Das hängt ganz vom Spiel ab.
Zwei Beispiele:
Call of Duty World at War muss man schrittweise updaten: erst der Patch auf 1.1 dann auf 1.2 immer weiter bis man auf den aktuellsten Patch 1.7. kommt.
Stalker Clear Sky zb. arbeitet mit Sammelpatches, dh. der aktuelle Patch enthält alle vorherigen Patches.
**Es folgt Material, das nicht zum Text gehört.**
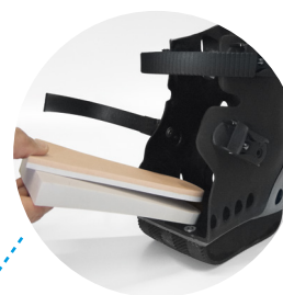
Wedge-shaped insole system for optimal rearfoot weight-bearing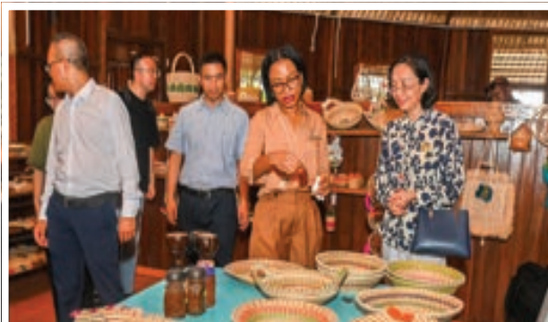
Minister Walrond and Ambassador Haiyan enjoying craft items in the village craft shop

between Guyana and China, focusing on areas such as infrastructure, education, and sustainable development.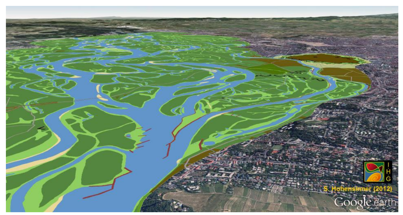
Until 1726 elaborate hydraulic structures were erected (in the foreground) to secure the flow and the navigability in the side arm towards the city centre.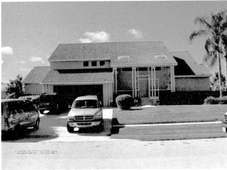
Front View 10/23/07

If using the Elevation Certificate to obtain NFIP flood insurance, affix at least two building photographs below according to the instructions for Item A6. Identify all photographs with: date taken; "Front View" and "Rear View"; and, if required, "Right Side View" and "Left Side View." If submitting more photographs than will fit on this page, use the Continuation Page, following.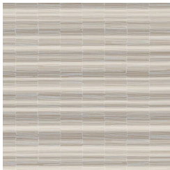
FRQ 20 IONIC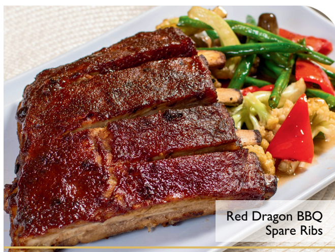
Red Dragon BBQ Spare Ribs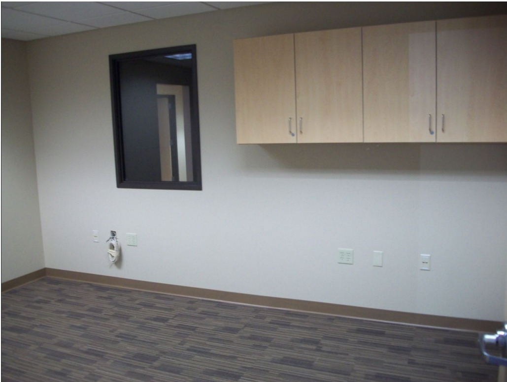
Room A (HUB) wall to remove and window to relocate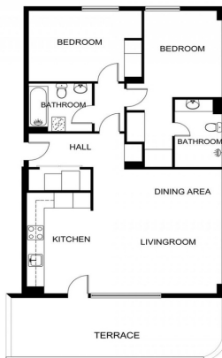
the bottom pictures is indicative - not to scale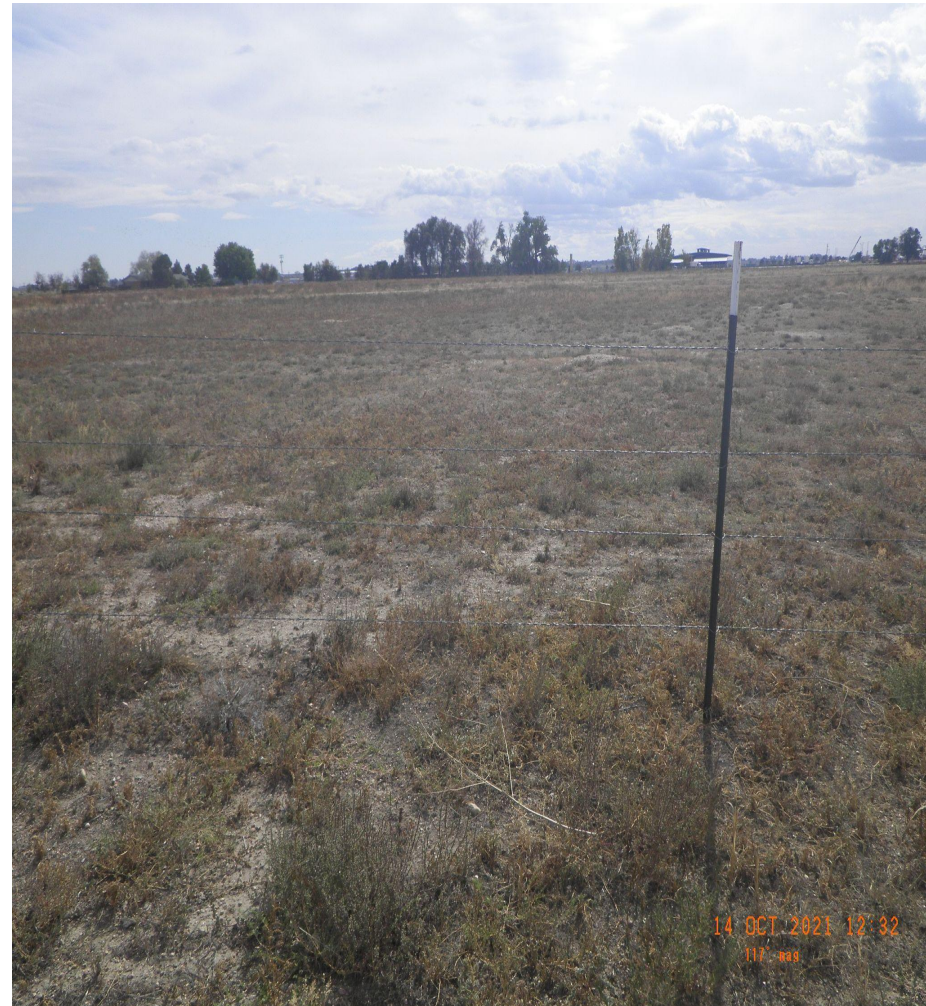
Photo 3. Photos taken from the middle of the well pad. Left photo is facing north and right photo facing east.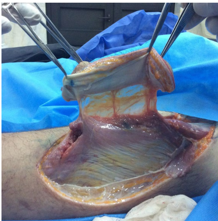
Fig. 2: Completion medial and lateral border of flap and perforators seen in flap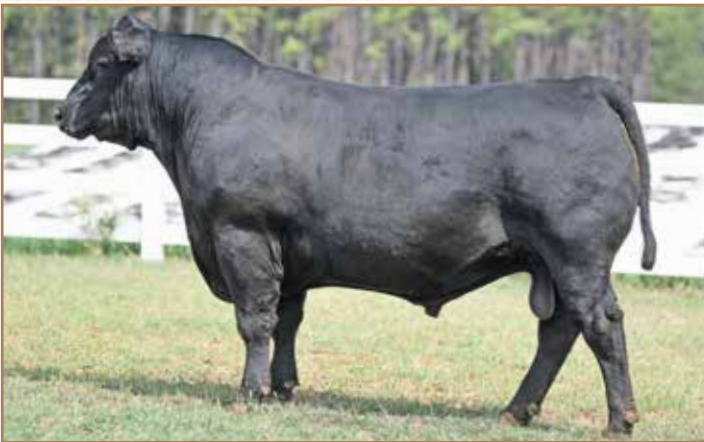
CA DEADWOOD 1119 Son of Lot 97 sold in 2023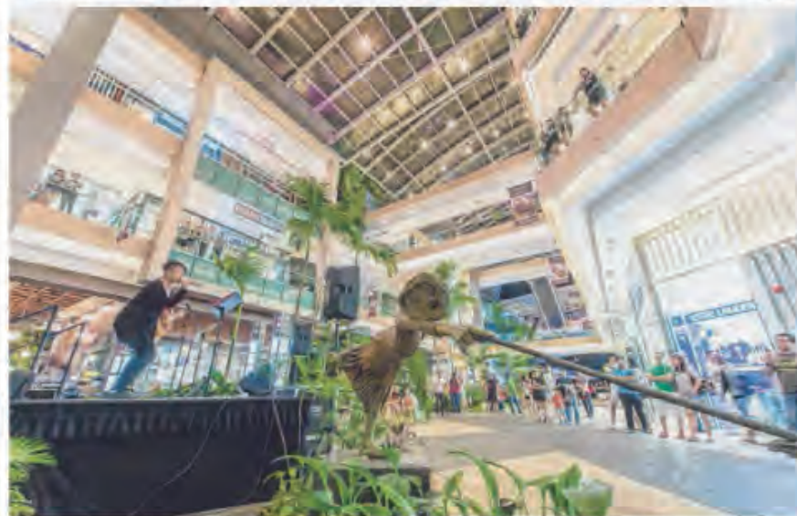
The Courtyard in Westgate has a designated area for buskers and live performers.

Da reicht der aktuelle Patch.

Aber so was sollte immer in den Patch-Notes stehen, ob es sich um einen Sammelpatch handelt oder welche Voraussetzungen (vorherige Patchversion) nötig sind, um den aktuellen Patch aufzuspielen.


----------



## guido13 (31. März 2010)

Jop, siehe boerigard: kann man nich besser sagen!

mfg


----------



## DarkMo (31. März 2010)

oft heissen die patches dann auch incremental (also bauen auf vorhergehenden patches auf) oder full (komplettpatch). sowas wird aber auf jedenfall kenntlich gemacht. sinnvoll isses natürlich immer, wenn man bevorzugt full patches nimmt (soweit möglich). oftmals werden fullpatches auch nur für "größere" schritte gebaut. also zum bsp v1.0->v2.0 und dann muss man um auf v2.3 zu kommen v2.0->v2.1->v2.2->v2.3 patchen. nur als bsp *g* aber wie gesagt, das steht dann immer dabei.


----------